[Excerpts from a dataset]
___
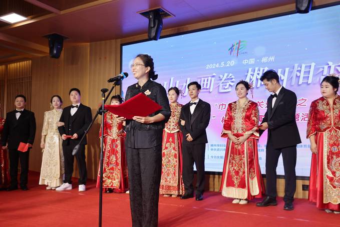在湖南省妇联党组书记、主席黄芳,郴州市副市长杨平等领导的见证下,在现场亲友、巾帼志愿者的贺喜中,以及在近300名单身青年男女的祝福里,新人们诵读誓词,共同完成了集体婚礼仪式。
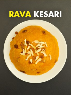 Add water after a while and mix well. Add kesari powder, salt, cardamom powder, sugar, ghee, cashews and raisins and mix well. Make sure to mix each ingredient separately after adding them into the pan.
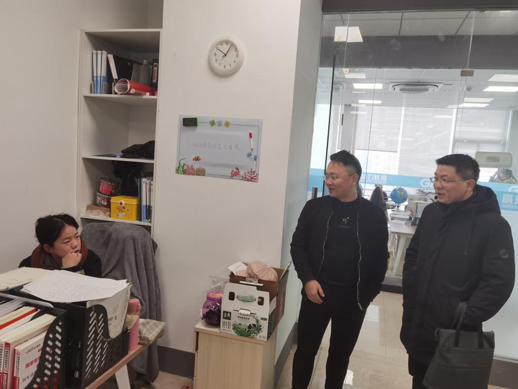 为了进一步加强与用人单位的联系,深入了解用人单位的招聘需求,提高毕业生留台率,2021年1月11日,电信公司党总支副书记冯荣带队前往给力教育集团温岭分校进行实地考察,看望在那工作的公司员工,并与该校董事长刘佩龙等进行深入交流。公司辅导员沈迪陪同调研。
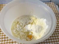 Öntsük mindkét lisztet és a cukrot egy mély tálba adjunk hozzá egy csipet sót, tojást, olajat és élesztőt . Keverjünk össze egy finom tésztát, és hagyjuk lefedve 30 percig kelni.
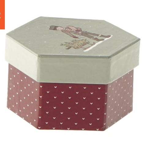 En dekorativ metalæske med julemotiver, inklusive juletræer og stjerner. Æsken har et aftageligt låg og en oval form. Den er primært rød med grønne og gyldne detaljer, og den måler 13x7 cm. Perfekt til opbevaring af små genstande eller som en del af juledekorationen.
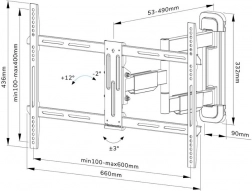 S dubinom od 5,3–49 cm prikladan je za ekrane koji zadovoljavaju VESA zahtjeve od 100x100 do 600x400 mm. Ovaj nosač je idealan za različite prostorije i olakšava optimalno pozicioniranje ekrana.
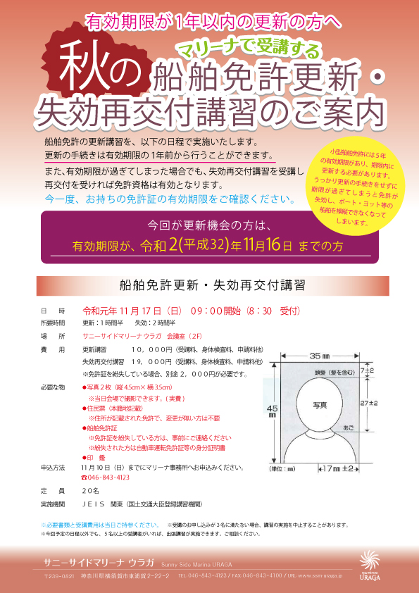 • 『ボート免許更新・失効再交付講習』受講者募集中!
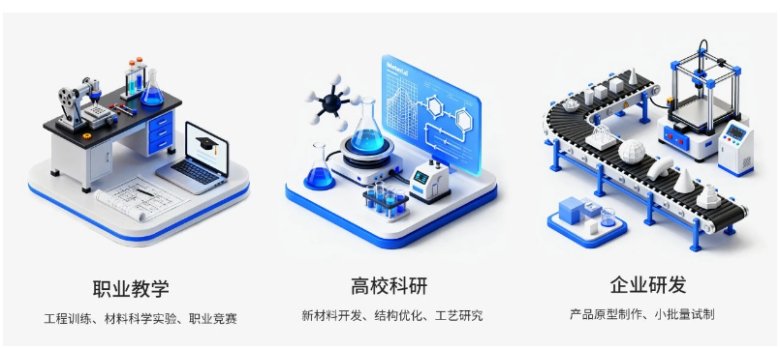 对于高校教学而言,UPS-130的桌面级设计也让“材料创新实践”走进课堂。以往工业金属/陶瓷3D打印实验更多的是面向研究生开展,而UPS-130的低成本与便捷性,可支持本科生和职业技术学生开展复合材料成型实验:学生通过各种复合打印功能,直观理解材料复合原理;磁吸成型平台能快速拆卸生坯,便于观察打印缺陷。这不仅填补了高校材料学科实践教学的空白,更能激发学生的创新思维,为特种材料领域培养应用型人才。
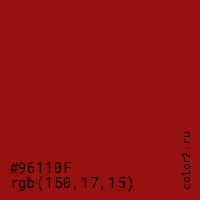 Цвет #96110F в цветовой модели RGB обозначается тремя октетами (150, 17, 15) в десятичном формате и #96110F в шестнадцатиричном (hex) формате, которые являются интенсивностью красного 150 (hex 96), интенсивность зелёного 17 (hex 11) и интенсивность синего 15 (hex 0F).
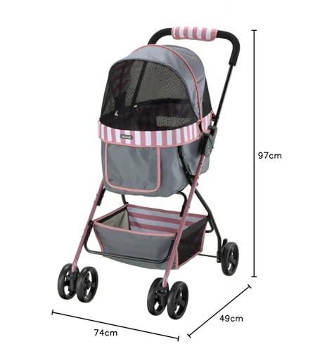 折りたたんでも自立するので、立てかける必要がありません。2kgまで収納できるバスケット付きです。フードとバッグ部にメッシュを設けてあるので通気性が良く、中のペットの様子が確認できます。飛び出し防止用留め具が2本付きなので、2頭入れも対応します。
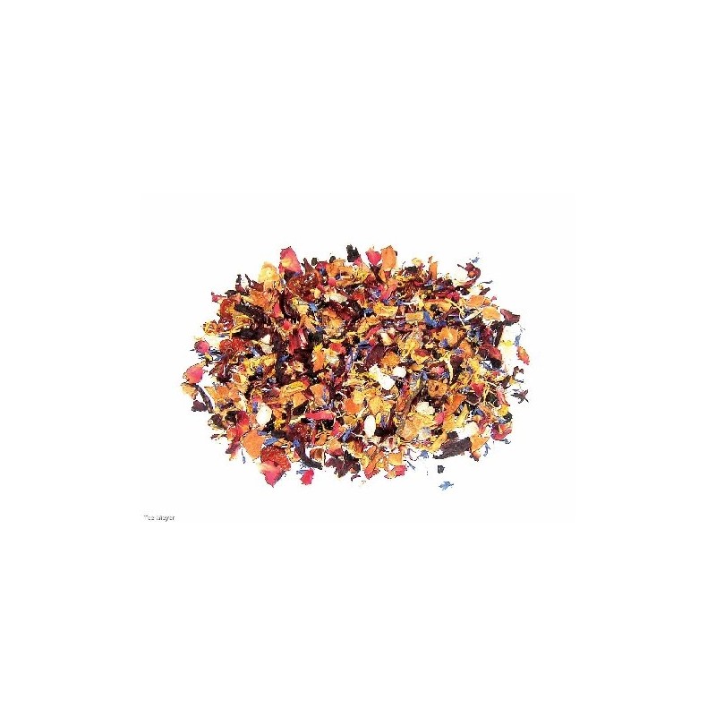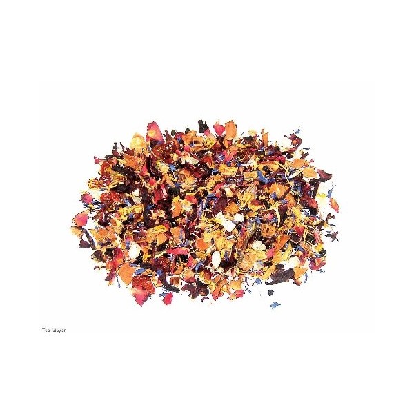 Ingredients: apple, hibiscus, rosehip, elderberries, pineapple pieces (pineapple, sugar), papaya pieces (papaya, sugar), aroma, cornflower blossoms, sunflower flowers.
___
**WORK INSTRUCTION**
From the line containing "En dekorativ metalæske" to the last line of the entries, copy every line exactly, including both ends, and leave out the pictures.

**ANSWER SECTION**
 En dekorativ metalæske med julemotiver, inklusive juletræer og stjerner. Æsken har et aftageligt låg og en oval form. Den er primært rød med grønne og gyldne detaljer, og den måler 13x7 cm. Perfekt til opbevaring af små genstande eller som en del af juledekorationen.
 S dubinom od 5,3–49 cm prikladan je za ekrane koji zadovoljavaju VESA zahtjeve od 100x100 do 600x400 mm. Ovaj nosač je idealan za različite prostorije i olakšava optimalno pozicioniranje ekrana.
 • 『ボート免許更新・失効再交付講習』受講者募集中!
 对于高校教学而言,UPS-130的桌面级设计也让“材料创新实践”走进课堂。以往工业金属/陶瓷3D打印实验更多的是面向研究生开展,而UPS-130的低成本与便捷性,可支持本科生和职业技术学生开展复合材料成型实验:学生通过各种复合打印功能,直观理解材料复合原理;磁吸成型平台能快速拆卸生坯,便于观察打印缺陷。这不仅填补了高校材料学科实践教学的空白,更能激发学生的创新思维,为特种材料领域培养应用型人才。
 Цвет #96110F в цветовой модели RGB обозначается тремя октетами (150, 17, 15) в десятичном формате и #96110F в шестнадцатиричном (hex) формате, которые являются интенсивностью красного 150 (hex 96), интенсивность зелёного 17 (hex 11) и интенсивность синего 15 (hex 0F).
 折りたたんでも自立するので、立てかける必要がありません。2kgまで収納できるバスケット付きです。フードとバッグ部にメッシュを設けてあるので通気性が良く、中のペットの様子が確認できます。飛び出し防止用留め具が2本付きなので、2頭入れも対応します。
 Ingredients: apple, hibiscus, rosehip, elderberries, pineapple pieces (pineapple, sugar), papaya pieces (papaya, sugar), aroma, cornflower blossoms, sunflower flowers.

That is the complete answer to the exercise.